We acknowledge we are holding this meeting on land stolen from the Santee Dakota and Anishinaabe people through brutal military campaigns by the US government and State of Minnesota. Those government entities attempted to exterminate the Dakota and Anishinaabe through destruction of language, culture, family and murder. Despite these efforts they remain unbroken. We want to acknowledge our brother Leonard Pelletier who has been imprisoned by the US government for 50 years for daring to stand against 531 years of genocide and theft and we urge President Biden to immediately release him so that he may rejoin his family and all of us as we struggle to create an new world.

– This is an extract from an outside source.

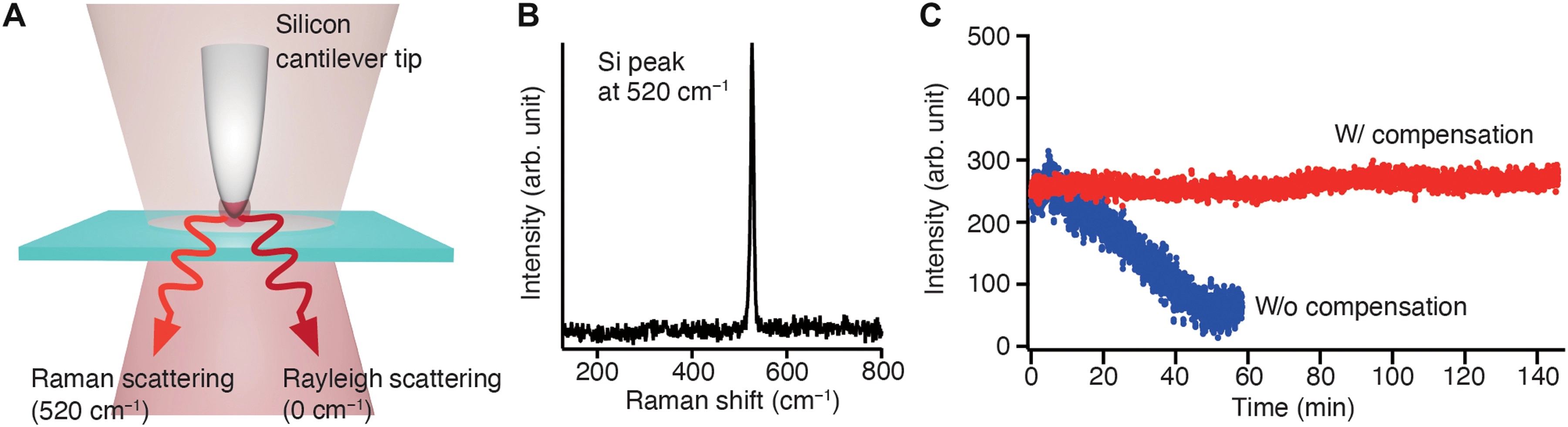C. 用3D漂移校正系统测量了520 cm−1处硅峰的拉曼强度随时间的变化150分钟,在没有任何漂移补偿的情况下测量了60分钟
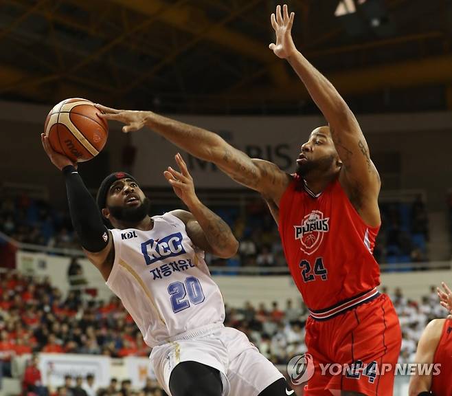 (울산=연합뉴스) 김용태 기자 = 5일 오후 울산 동천체육관에서 열린 2018-2019 SKT 5GX 프로농구 4강 플레이오프 울산 현대모비스와 전주 KCC의 2차전 경기. KCC 마커스 킨이 현대모비스 쇼터의 수비를 피해 슛하고 있다. 2019.4.5

We join with the Dakota and Anishinaabe as relatives, comrades, brothers, sisters and siblings in a fight to save our planet, to return the Earth to a garden planet. This means land and resources for indigenous people to thrive and not just survive. It means recognizing all human beings, not as vessels for creating profits for the wealthy few, but as divine creations that can create a new world. It means living in harmony with the Earth and its creatures rather than carrying out rapacious policies that amount to a death sentence for our planet and its people.

Today we recognize and solidarize with the fight of Little Earth and the people of East Phillips to defend the land, to stop the demolition of the Roof Depot and to create a beautiful alternative to pollution and death with an urban farm complex. We are not beaten. We are just beginning.